Past scandals and fears of their repetition appear to have affected the current coalition government.

An appeal by a coalition of 12 ICT organisations, altogether accounting for around 350 billion crowns in annual turnover, for the government to give priority to the development and roll out of technology and applications appears to have gone largely unheeded to judge from the first leaked versions of the government’s programme priorities.

Head of the ICT Unie, Svatoslav Novák, said on Tuesday that there appear to be even fewer promises and commitments in that programme than in that of the previous coalition government agreement. He will have to wait another day to see if his worst fears are founded.

The Czech Republic is, he says, doing less to develop ICT than most neighbouring governments, such as Poland, Slovakia, and Hungary, and far less than, say, the Baltic states, which have pushed ahead with introducing electronic communications across most of the public administration without any major problems.

Better use of ICT could make public services and the state more effective and efficient with applications in education, for example, helping to deal with some of the skills shortages and unemployment problems facing the country, Novák explains. EU funds could help cover the costs of applying ICT to the Czech public sector between 2014 and 2020, he adds.

Mr. Novák agues that it is not ICT know-how that it lacking in the Czech Republic. The problem, he says, is that ambitious past programmes have been steered by officials with little real understanding of the subject and without sufficient coordination.

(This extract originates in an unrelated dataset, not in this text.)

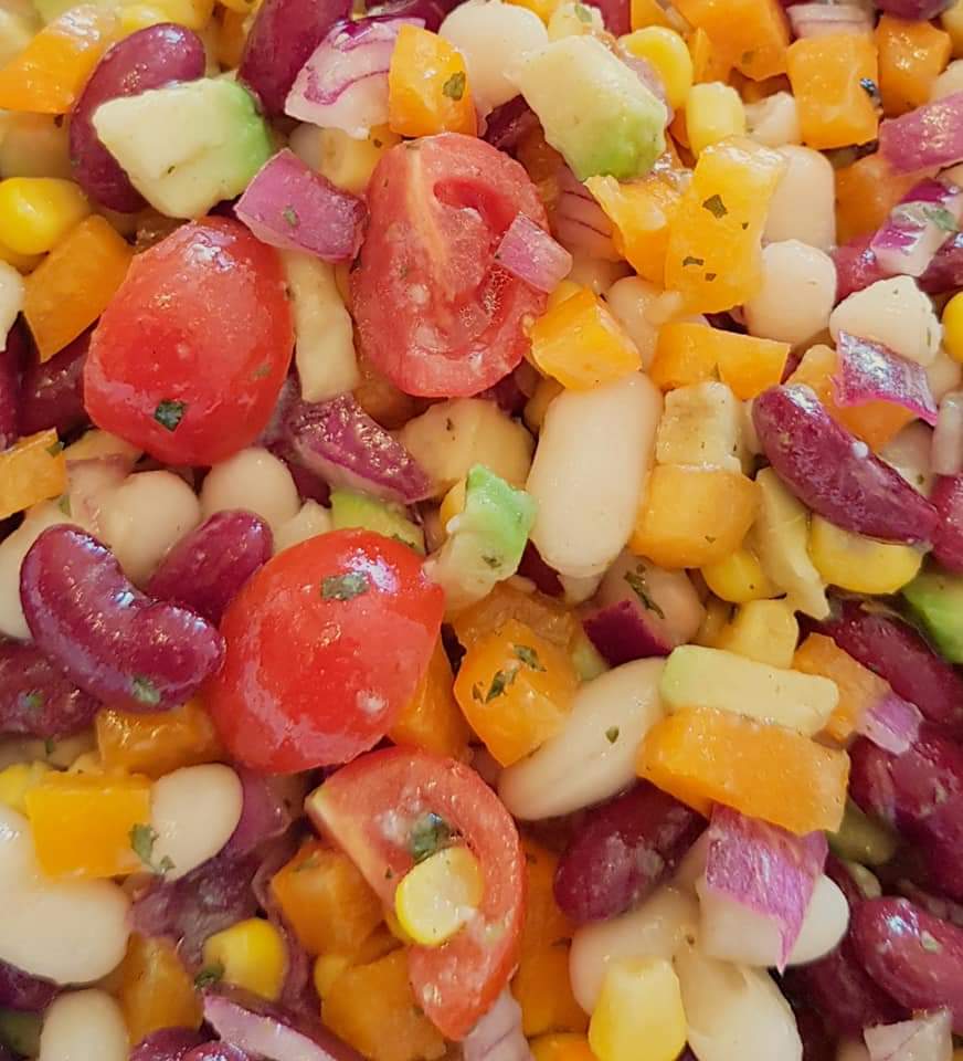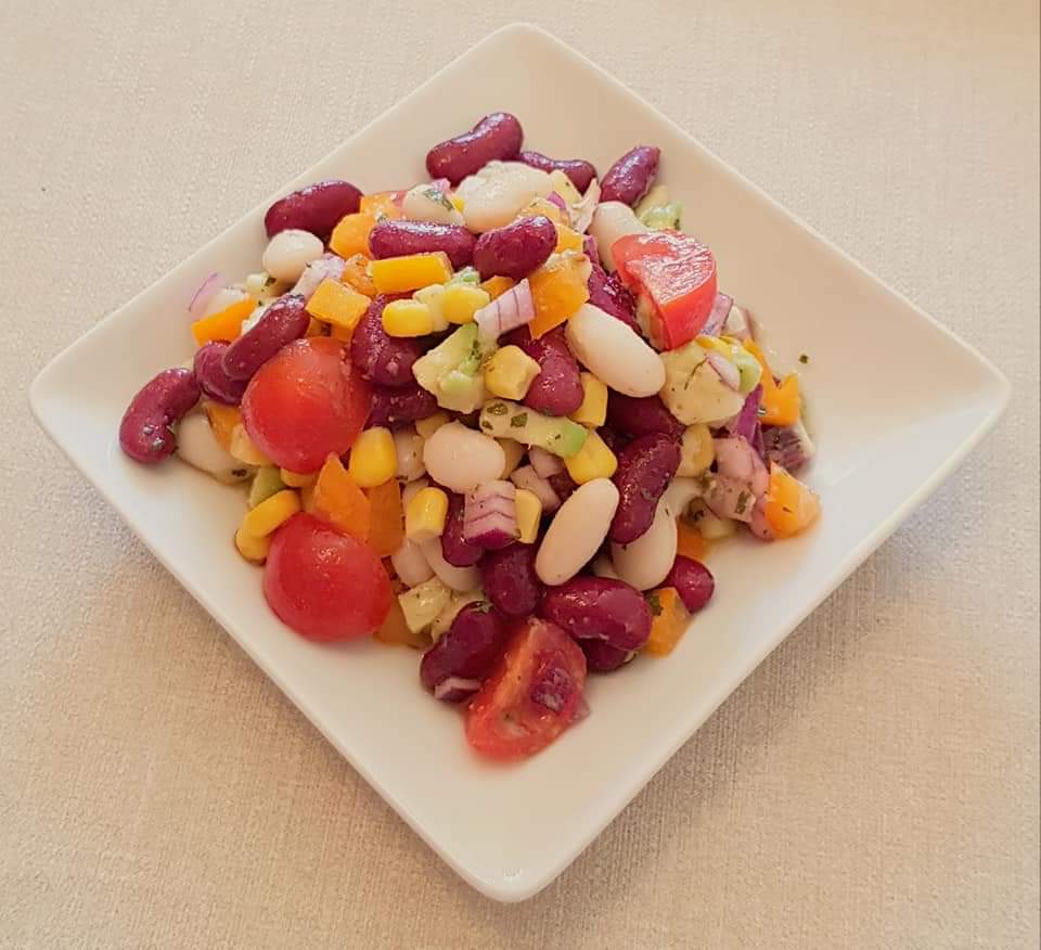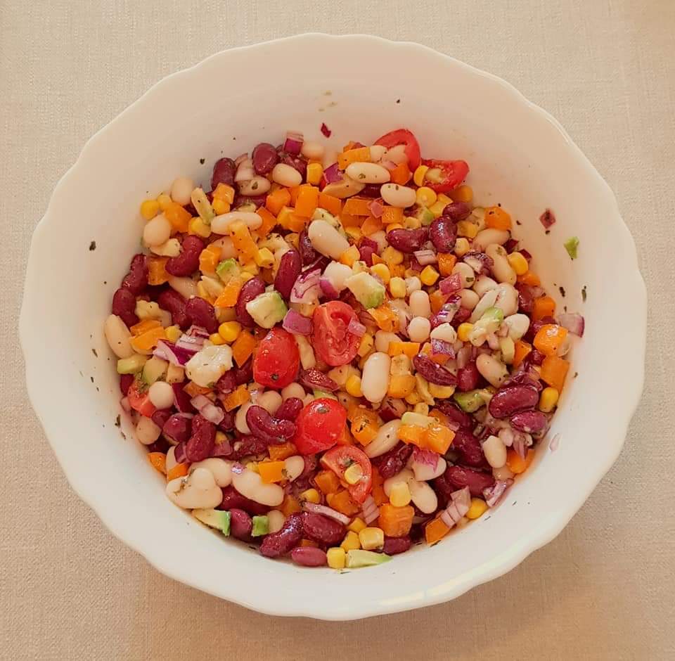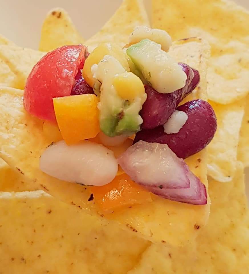 Într-un bol se amestecă ingredientele pentru dressing. Intr-ul bol se combină ingredientele pentru salată. Ceapă se taie cât mai mărunt. Avocado se taie cubulețe. Ardeiul galben se taie cubulețe. Se adaugă cele 2 tipuri de fasole si porumbul. Se amestecă ingredientele cu dressingul. Se servesc cu tortilla chips.

In theory, the Czech government already signed up to a goal of rolling out high speed digital networks by 2020. The fact is though that the government council for competitiveness and information society (RVKIS) that was tasked with setting out some of the ground rules for how different networks could be combined and how missing elements could be added cheaply and effectively has got nowhere. The ICT alliance says that as a result the whole process is now seriously stalled.